The Leser-Trélat sign is the explosive onset of multiple seborrheic keratoses (many pigmented skin lesions), often with an inflammatory base. This can be an ominous sign of internal malignancy as part of a paraneoplastic syndrome. In addition to the development of new lesions, preexisting ones frequently increase in size and become symptomatic. It is named for Edmund Leser and Ulysse Trélat.

Although most associated neoplasms are gastrointestinal adenocarcinomas (stomach, liver, colorectal and pancreas), breast, lung, and urinary tract cancers, as well as lymphoid malignancies are associated with this impressive rash. It is likely that various cytokines and other growth factors produced by the neoplasm are responsible for the abrupt appearance of the seborrheic keratoses. In some cases, paraneoplastic acanthosis nigricans accompanies the sign of Leser-Trélat.

Variances of Seborrheic Keratosis:

Dermatosis Papulosis Nigra: Often are small papules. Pinpoint to a few millimeters in size. More commonly found in dark-skinned persons.

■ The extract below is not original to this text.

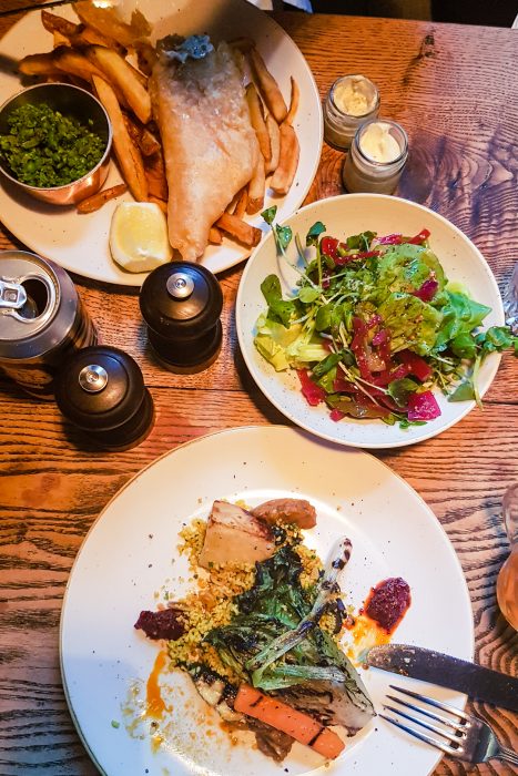 Craigellachie Hotel | Maybe the fanciest restaurant we ate at throughout our Speyside Way trip, was the Copper Dog gastropub at Craigellachie Hotel. I had looked up their menu online and was already excited about the promised cauliflower steak, only to find out that they had changed their seasonal menu in the meantime and the vegan option was a Moroccan tagine with couscous. Luckily, the tagine tasted great and the salad came with a refreshing dressing! The only downside of this restaurant for us was, that the portion sizes were rather small, but the prices were not… It’s worth treating yourself though, even if it was a rather easy day of walking here from Ballindalloch!

Stucco Keratosis: Often are light brown to off-white. Pinpoint to a few millimeters in size. Often found on the distal tibia, ankle, and foot.

Diagnosis: Visual diagnosis is made by the “stuck on” appearance, horny pearls or cysts embedded in the structure. Darkly pigmented lesions can be hard to distinguish from nodular melanomas. If in doubt, a skin biopsy should be performed. Thin seborrheic keratoses on facial skin can be very difficult to differentiate from lentigo maligna even with dermatoscopy.

Clinically, epidermal nevi are similar to seborrheic keratoses in appearance. Epidermal nevi are usually present at or near birth. Condylomas and warts can clinically resemble seborrheic keratoses, and dermatoscopy can be helpful. On the penis and genital skin, differentiation between condylomas and seborrheic keratoses can be difficult and may require a skin biopsy.

Treatment
When correctly diagnosed, no treatment is necessary. There is a small risk of localized infection caused by picking at the lesion. If a growth becomes excessively itchy or is irritated by clothing or jewelry, it can be removed by cryosurgery.

Small lesions can be treated with light electrocautery. Larger lesions can be treated with electrodessication and curettage, shave excision, or cryotherapy. When correctly performed, removal of seborrheic keratoses will not cause much visible scarring except in darkly colored persons.

Cause
The cause of seborrheic keratosis is unclear. Because they are common on sun-exposed areas such as the back, arms, face, and neck, ultraviolet light

may play a role, as may genetics.[8] A mutation of a gene coding for a growth factor receptor, (FGFR3), has been associated with seborrheic keratosis.

Etymology
The term “seborrheic keratosis” combines the adjective form of seborrhea, keratinocyte (referring to the part of the epidermis that produces keratin), and the suffix -osis, meaning abnormal.